*What the task asks*: Output all of the lines below exactly, and leave out each image.

*Supplied material*:

════════

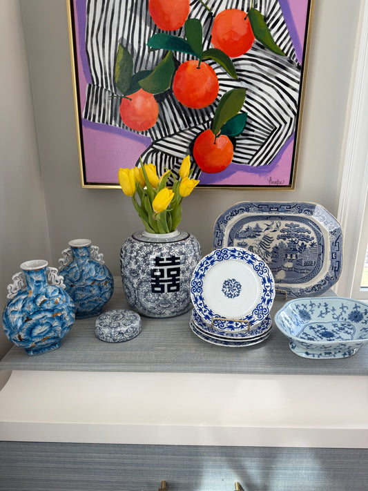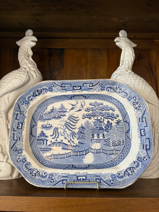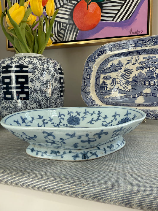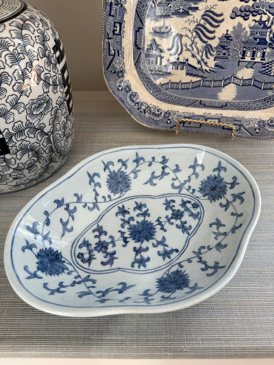 Antique Bok Choy 9” Hand-Painted Shallow Bowl (Rim Chip)
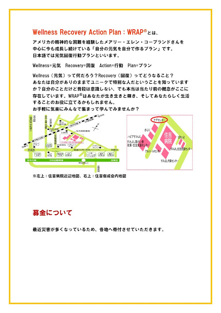 今月のよんもくWRAPのお知らせです。WRAPとは元気回復行動プラン(WRAP=Wellness Recovery Action Plan)の略称で、アメリカ人のMary Ellen Copeland(メアリー・エレン・コープランド)さんが、精神的な困難を抱えている人たちとともに自身も苦しんでいた精神的な病いに対処して自らの主導権を失わずに元気を回復する方法を作ったことが原点です。
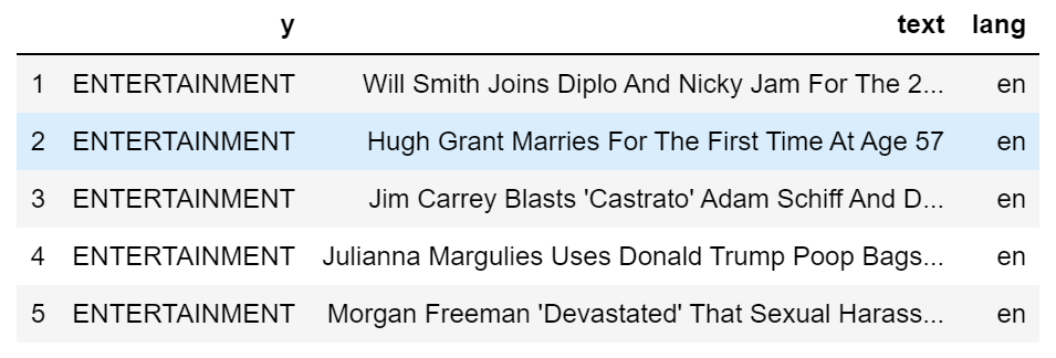 ## create dtf dtf = pd.DataFrame(lst_dics)## filter categories dtf = dtf[ dtf["category"].isin(['ENTERTAINMENT','POLITICS','TECH']) ][["category","headline"]]## rename columns dtf = dtf.rename(columns={"category":"y", "headline":"text"})## print 5 random rows dtf.sample(5)
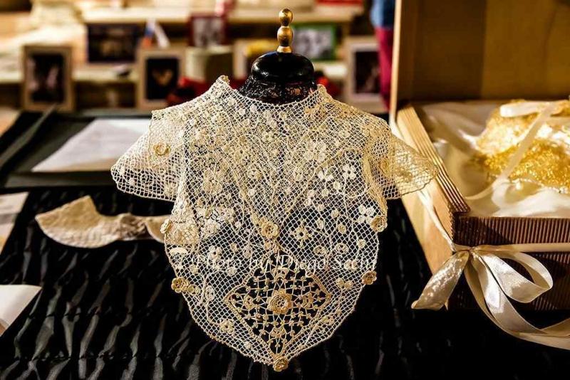 A ideare e realizzare lo splendido colletto un gruppo di affiatate ricamatrici composto da Gabriella Albertoni, Agata Belardoni, Antonella Catalano, Giuliano Ferri, Mirella Ragni, Maria Pia Simonetti che, con la loro passione, mantengono nel piccolo borgo lacustre l’antica tradizione del ricamo a filet modano.

════════

*Response*:
 Antique Bok Choy 9” Hand-Painted Shallow Bowl (Rim Chip)
 今月のよんもくWRAPのお知らせです。WRAPとは元気回復行動プラン(WRAP=Wellness Recovery Action Plan)の略称で、アメリカ人のMary Ellen Copeland(メアリー・エレン・コープランド)さんが、精神的な困難を抱えている人たちとともに自身も苦しんでいた精神的な病いに対処して自らの主導権を失わずに元気を回復する方法を作ったことが原点です。
 ## create dtf dtf = pd.DataFrame(lst_dics)## filter categories dtf = dtf[ dtf["category"].isin(['ENTERTAINMENT','POLITICS','TECH']) ][["category","headline"]]## rename columns dtf = dtf.rename(columns={"category":"y", "headline":"text"})## print 5 random rows dtf.sample(5)
 A ideare e realizzare lo splendido colletto un gruppo di affiatate ricamatrici composto da Gabriella Albertoni, Agata Belardoni, Antonella Catalano, Giuliano Ferri, Mirella Ragni, Maria Pia Simonetti che, con la loro passione, mantengono nel piccolo borgo lacustre l’antica tradizione del ricamo a filet modano.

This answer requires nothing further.